Removal of the run method

The transformers run (previously transformers-cli run) is an artefact of the past, was not documented nor tested, and isn't part of any public documentation. We're removing it for now and ask you to please let us know in case this is a method you are using; in which case we should bring it back with better support.

Linked PR: huggingface#42447

Environment variables

  • Legacy environment variables like TRANSFORMERS_CACHE, PYTORCH_TRANSFORMERS_CACHE, and PYTORCH_PRETRAINED_BERT_CACHE have been removed. Please use HF_HOME instead.
  • Constants HUGGINGFACE_CO_EXAMPLES_TELEMETRY, HUGGINGFACE_CO_EXAMPLES_TELEMETRY, HUGGINGFACE_CO_PREFIX, and HUGGINGFACE_CO_RESOLVE_ENDPOINT have been removed. Please use huggingface_hub.constants.ENDPOINT instead.
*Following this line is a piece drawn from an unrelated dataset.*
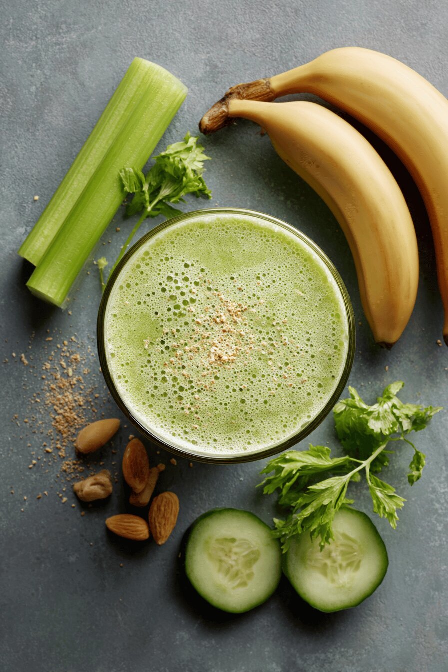 Green apple swapped with cucumber for freshness. Peanut butter replaced by tahini for richer nuttiness. Almond milk lowered by 50ml, added coconut water for lightness. Tripled celery quantity. Glaçons kept for chill but reduced. Blend until the texture shows no fibrous bits, about 4 to 7 minutes depending on blender power. Serve fast before separation. Works cold or room temp. Nut alternatives or seeds suggested for allergy swap. Smooth, fibrous. Substitutions for liquid and nut butter to keep balance. Tactile and visual cues guide timing more than clocks here.

Linked PR: huggingface#42391.

Requirements update

transformers v5 pins the huggingface_hub version to >=1.0.0. See this migration guide to learn more about this major release. Here are to main aspects to know about:

  • switched the HTTP backend from requests to httpx. This change was made to improve performance and to support both synchronous and asynchronous requests the same way. If you are currently catching requests.HTTPError errors in your codebase, you'll need to switch to httpx.HTTPError.
  • related to 1., it is not possible to set proxies from your script. To handle proxies, you must set the HTTP_PROXY / HTTPS_PROXY environment variables
  • hf_transfer and therefore HF_HUB_ENABLE_HF_TRANSFER have been completed dropped in favor of hf_xet. This should be transparent for most users. Please let us know if you notice any downside!

typer-slim has been added as required dependency, used to implement both hf and transformers CLIs.